In 1937 Comotti moved to France and joined the Talbot team as a test driver. He tested cars for clients and was a reserve driver for the racing team. That year he won the RAC Tourist Trophy at Donington Park. Comotti left the team at the end of the season and joined Laurie and Lucy Schell's Ecurie Bleue racing for 1938, driving a Delahaye. That year he made his first Grand Prix start at Germany, and also made his only start at Le Mans. But he retired early in both races.

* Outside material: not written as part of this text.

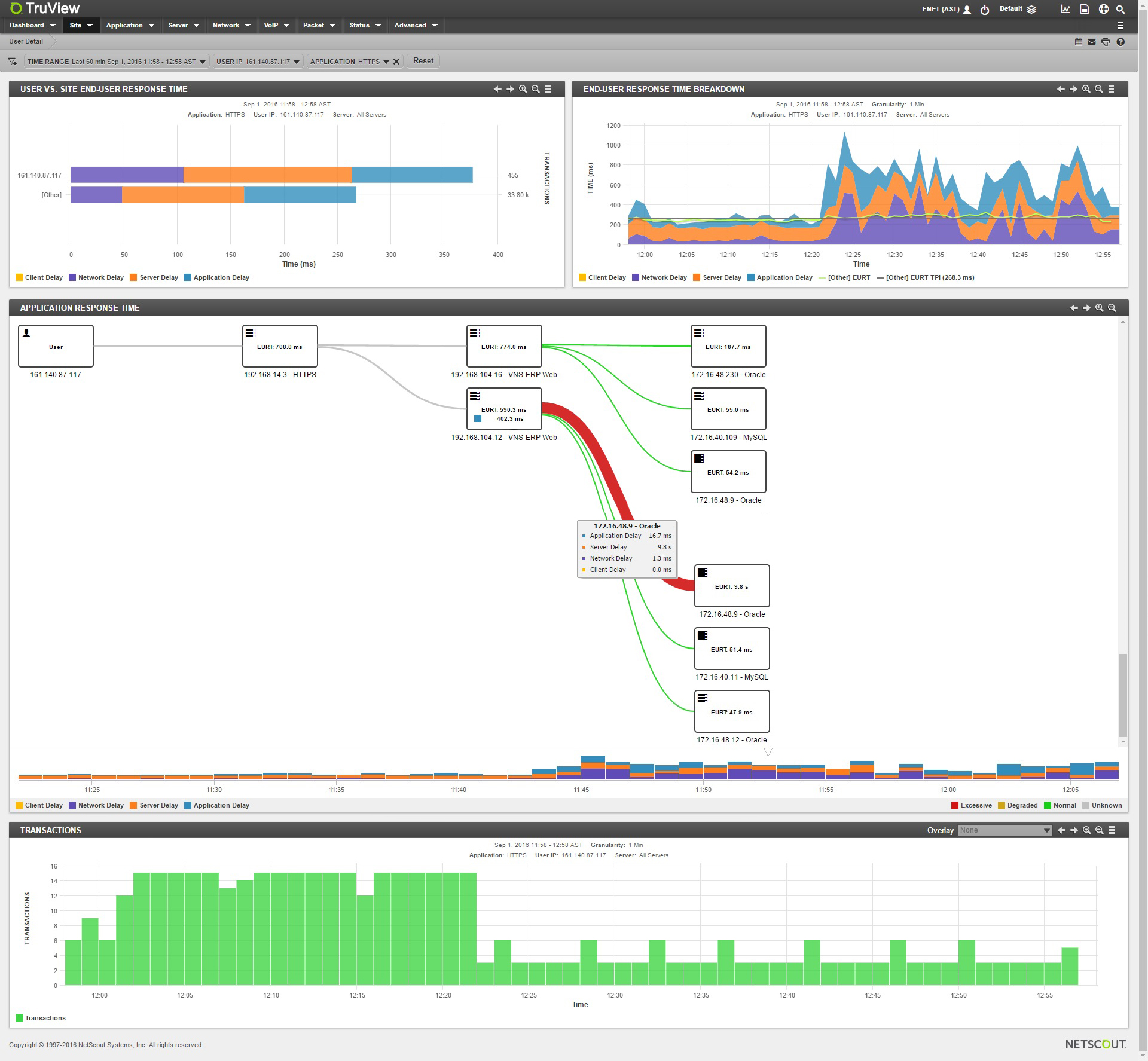 NETSCOUT TruView – круглосуточно отслеживает время отклика приложений для каждого пользователя, сайта или группы серверов по всему предприятию, отображая место и время возникшей проблемы. Благодаря накопленной статистике, система автоматически рассчитает базовую производительность каждого компонента ИТ-инфраструктуры для каждого момента времени. Все последующие отклонения производительности будут анализироваться относительно данного уровня, что позволит обнаружить наличие проблем в работе ИТ-инфраструктуры и своевременно принимать решения, кто должен эту проблему решать – провайдер, группа поддержки приложений или группа поддержки сетевой инфраструктуры.

After the war Comotti became a test driver of the new Talbot-Lago T26C. He also made some Grand Prix start with that car in 1948. In 1950 Comotti became a test driver for Scuderia Milano and also made his first World Championship Formula One Grands Prix at the Italian Grand Prix. He made his second and last World Championship Grand Prix start at the 1952 French Grand Prix, driving a Ferrari for Scuderia Marzotto.

Comotti was one of nine founders of the Club international des anciens pilotes de Grand Prix F1 (1962).

Personal life
Comotti was born in Brescia, but grew up in Bergamo. He worked in the oil business for his entire life. In 1932 he married Anna Maria Peduzzi (1912–79), who was one of the best female drivers of Italy. Her career lasted even longer than her husband’s.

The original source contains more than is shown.